● The problem
Scan the records below for the line containing "One 1942 Walking" and the line containing "Η αποτύπωση των". Copy both, plus every line between, exactly.

________________________________________

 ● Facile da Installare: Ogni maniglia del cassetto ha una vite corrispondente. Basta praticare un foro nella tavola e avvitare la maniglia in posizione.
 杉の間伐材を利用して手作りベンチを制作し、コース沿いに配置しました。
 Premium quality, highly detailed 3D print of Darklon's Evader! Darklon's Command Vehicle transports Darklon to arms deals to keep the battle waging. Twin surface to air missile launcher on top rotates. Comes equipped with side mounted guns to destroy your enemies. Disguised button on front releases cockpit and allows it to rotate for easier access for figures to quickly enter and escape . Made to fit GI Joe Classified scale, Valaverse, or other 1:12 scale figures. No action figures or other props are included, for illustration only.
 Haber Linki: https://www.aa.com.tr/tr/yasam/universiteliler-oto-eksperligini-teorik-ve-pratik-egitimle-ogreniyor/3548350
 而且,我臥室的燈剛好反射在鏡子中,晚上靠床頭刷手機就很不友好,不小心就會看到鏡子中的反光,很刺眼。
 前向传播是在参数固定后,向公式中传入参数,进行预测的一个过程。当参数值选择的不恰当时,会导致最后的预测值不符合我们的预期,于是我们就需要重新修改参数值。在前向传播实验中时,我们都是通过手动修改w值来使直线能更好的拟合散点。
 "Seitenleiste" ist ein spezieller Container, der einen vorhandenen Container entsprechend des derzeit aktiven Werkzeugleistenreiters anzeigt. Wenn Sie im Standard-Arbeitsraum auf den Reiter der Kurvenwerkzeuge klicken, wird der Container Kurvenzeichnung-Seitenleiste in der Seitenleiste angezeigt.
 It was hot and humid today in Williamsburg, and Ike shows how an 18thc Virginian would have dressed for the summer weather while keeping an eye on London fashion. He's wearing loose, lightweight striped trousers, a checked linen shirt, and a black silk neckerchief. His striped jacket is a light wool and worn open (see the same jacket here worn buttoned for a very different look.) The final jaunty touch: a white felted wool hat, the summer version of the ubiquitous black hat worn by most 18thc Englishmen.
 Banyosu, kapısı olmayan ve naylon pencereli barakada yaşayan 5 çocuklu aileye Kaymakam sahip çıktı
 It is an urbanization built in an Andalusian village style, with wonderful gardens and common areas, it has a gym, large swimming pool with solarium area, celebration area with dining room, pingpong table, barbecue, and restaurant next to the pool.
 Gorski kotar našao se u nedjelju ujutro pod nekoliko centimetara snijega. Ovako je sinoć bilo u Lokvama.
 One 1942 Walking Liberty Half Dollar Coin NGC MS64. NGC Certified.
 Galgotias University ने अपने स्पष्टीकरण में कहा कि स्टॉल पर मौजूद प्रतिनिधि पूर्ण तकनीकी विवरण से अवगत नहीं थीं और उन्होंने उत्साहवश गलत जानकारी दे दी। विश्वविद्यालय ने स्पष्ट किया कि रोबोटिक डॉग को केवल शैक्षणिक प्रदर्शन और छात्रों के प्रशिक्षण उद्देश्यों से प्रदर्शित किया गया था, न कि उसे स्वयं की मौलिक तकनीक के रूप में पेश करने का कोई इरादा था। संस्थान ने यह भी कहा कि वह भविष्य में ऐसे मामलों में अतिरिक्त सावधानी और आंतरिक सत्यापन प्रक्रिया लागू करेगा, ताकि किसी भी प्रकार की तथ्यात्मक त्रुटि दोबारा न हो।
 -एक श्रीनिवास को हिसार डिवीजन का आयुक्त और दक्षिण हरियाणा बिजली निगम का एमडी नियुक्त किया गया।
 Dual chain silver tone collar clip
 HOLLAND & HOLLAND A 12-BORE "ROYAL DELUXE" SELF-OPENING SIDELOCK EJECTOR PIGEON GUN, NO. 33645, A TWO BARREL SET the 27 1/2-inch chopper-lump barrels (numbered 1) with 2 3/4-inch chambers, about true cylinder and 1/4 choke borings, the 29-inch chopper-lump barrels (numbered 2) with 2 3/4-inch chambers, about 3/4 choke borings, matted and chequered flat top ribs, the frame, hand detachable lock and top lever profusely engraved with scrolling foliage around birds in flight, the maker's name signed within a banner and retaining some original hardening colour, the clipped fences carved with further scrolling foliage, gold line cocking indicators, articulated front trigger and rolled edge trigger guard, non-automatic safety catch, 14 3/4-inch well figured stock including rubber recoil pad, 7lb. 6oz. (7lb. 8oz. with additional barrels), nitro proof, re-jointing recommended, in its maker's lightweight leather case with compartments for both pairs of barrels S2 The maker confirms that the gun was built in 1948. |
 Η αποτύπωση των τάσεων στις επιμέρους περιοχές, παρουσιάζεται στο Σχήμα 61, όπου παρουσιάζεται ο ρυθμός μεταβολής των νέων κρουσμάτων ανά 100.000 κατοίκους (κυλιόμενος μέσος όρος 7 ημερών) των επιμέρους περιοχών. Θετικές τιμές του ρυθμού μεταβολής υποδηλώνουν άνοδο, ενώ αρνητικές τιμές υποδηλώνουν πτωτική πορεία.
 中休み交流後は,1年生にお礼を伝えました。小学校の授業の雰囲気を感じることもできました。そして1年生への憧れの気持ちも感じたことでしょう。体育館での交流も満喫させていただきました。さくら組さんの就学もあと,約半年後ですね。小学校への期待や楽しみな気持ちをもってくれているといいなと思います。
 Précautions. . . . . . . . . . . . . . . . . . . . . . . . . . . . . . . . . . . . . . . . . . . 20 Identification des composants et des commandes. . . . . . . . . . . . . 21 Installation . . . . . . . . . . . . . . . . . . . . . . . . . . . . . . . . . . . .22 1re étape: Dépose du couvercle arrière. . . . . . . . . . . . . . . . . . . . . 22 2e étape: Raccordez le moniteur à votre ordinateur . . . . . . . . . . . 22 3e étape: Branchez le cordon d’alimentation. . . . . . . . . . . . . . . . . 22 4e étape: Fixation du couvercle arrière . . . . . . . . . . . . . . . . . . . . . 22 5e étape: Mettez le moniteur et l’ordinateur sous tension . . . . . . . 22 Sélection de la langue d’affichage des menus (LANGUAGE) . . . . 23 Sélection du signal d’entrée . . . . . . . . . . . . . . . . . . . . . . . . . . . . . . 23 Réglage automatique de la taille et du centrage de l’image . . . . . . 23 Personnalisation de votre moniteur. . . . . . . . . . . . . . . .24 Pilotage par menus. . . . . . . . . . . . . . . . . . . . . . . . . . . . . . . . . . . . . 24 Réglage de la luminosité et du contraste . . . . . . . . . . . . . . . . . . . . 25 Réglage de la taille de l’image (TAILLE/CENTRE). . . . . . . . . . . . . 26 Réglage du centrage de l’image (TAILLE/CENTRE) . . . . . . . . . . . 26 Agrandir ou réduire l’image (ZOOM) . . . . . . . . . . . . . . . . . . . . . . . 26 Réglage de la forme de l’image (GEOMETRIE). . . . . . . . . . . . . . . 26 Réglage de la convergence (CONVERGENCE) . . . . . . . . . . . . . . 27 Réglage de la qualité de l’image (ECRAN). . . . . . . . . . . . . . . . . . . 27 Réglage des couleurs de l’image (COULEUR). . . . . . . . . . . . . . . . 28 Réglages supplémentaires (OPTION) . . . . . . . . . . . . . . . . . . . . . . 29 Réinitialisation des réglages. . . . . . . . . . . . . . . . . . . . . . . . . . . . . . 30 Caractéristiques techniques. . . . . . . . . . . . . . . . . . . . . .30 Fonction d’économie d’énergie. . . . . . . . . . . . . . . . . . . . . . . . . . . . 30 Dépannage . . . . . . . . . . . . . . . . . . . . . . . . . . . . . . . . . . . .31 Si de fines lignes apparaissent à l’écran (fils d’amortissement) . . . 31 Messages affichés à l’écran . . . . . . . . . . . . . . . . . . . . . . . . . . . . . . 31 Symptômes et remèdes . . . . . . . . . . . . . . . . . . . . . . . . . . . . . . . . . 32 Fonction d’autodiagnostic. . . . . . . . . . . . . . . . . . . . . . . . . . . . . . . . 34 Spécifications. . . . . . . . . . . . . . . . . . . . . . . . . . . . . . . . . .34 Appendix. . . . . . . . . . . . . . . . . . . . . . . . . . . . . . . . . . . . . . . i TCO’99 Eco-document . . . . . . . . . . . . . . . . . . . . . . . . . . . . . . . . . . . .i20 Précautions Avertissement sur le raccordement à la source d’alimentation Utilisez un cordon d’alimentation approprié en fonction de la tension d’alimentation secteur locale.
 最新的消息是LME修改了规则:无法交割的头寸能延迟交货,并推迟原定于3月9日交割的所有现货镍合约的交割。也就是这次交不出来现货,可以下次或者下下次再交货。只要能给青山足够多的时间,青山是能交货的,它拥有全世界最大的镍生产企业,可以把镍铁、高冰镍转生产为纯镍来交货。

________________________________________

● Reply
 One 1942 Walking Liberty Half Dollar Coin NGC MS64. NGC Certified.
 Galgotias University ने अपने स्पष्टीकरण में कहा कि स्टॉल पर मौजूद प्रतिनिधि पूर्ण तकनीकी विवरण से अवगत नहीं थीं और उन्होंने उत्साहवश गलत जानकारी दे दी। विश्वविद्यालय ने स्पष्ट किया कि रोबोटिक डॉग को केवल शैक्षणिक प्रदर्शन और छात्रों के प्रशिक्षण उद्देश्यों से प्रदर्शित किया गया था, न कि उसे स्वयं की मौलिक तकनीक के रूप में पेश करने का कोई इरादा था। संस्थान ने यह भी कहा कि वह भविष्य में ऐसे मामलों में अतिरिक्त सावधानी और आंतरिक सत्यापन प्रक्रिया लागू करेगा, ताकि किसी भी प्रकार की तथ्यात्मक त्रुटि दोबारा न हो।
 -एक श्रीनिवास को हिसार डिवीजन का आयुक्त और दक्षिण हरियाणा बिजली निगम का एमडी नियुक्त किया गया।
 Dual chain silver tone collar clip
 HOLLAND & HOLLAND A 12-BORE "ROYAL DELUXE" SELF-OPENING SIDELOCK EJECTOR PIGEON GUN, NO. 33645, A TWO BARREL SET the 27 1/2-inch chopper-lump barrels (numbered 1) with 2 3/4-inch chambers, about true cylinder and 1/4 choke borings, the 29-inch chopper-lump barrels (numbered 2) with 2 3/4-inch chambers, about 3/4 choke borings, matted and chequered flat top ribs, the frame, hand detachable lock and top lever profusely engraved with scrolling foliage around birds in flight, the maker's name signed within a banner and retaining some original hardening colour, the clipped fences carved with further scrolling foliage, gold line cocking indicators, articulated front trigger and rolled edge trigger guard, non-automatic safety catch, 14 3/4-inch well figured stock including rubber recoil pad, 7lb. 6oz. (7lb. 8oz. with additional barrels), nitro proof, re-jointing recommended, in its maker's lightweight leather case with compartments for both pairs of barrels S2 The maker confirms that the gun was built in 1948. |
 Η αποτύπωση των τάσεων στις επιμέρους περιοχές, παρουσιάζεται στο Σχήμα 61, όπου παρουσιάζεται ο ρυθμός μεταβολής των νέων κρουσμάτων ανά 100.000 κατοίκους (κυλιόμενος μέσος όρος 7 ημερών) των επιμέρους περιοχών. Θετικές τιμές του ρυθμού μεταβολής υποδηλώνουν άνοδο, ενώ αρνητικές τιμές υποδηλώνουν πτωτική πορεία.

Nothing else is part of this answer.